Jak kiedyś nie zamazałem twarzy chłopa popełniającego wykroczenie to ktoś się spruł, wiec niech będzie zamazana. @Wave - nie orientuje się aby ktoś sprawcę tu obciążał specjalnie - pytanie czy gdzieś się to w ogóle dzieje?
Łukasz, ale z tego co się orientuję tablica rejestracyjna to nie dane osobowe i dlatego tak samo jak na filmikach z kamerek samochodowych nie trzeba ich zamazywać.
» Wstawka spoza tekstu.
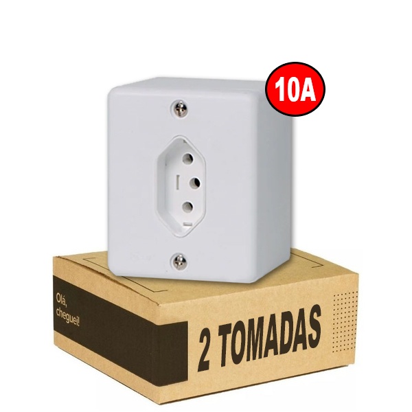 Kit 10 Tomada dupla 10A 2P+T 250V Sobrepor Fixação por sistema X

MZK ostatnio lepiej sprawdza się w niejeżdżeniu niż jeżdżeniu po Bydgoszczy
@luki_1133: nawet jeśli ten wóz by przeszedł (choć IMHO by się to nie udało), to następna w zatrzymaniu może stać 805-ka z przekoszonym pudłem i już by nie przeszła. Znam takie przypadki I jeśli prowadzący pojazd ma wątpliwości, to ma stać. I tyle. Bo znam również nadgorliwców, którzy próbowali i jednak im się nie udało. A wtedy winny zawsze jest motorniczy. Natomiast co do "farsy", to nikt z Nadzoru czy Policji nie będzie brał na siebie odpowiedzialności za ewentualne uszkodzenie auta. Ja przynajmniej nigdy się takich fur nie dotykam. Można ewentualnie próbować delikatnie złożyć lusterko i tyle. Niestety takie są realia. A prawdziwą grandą jest to, że na holownik trzeba było czekać godzinę. PS. Tablic rejestracyjnych nie musisz zamazywać /kl
Byłem tam na tej akcji, śmiesznie było, stało ponad 10 tramwaji!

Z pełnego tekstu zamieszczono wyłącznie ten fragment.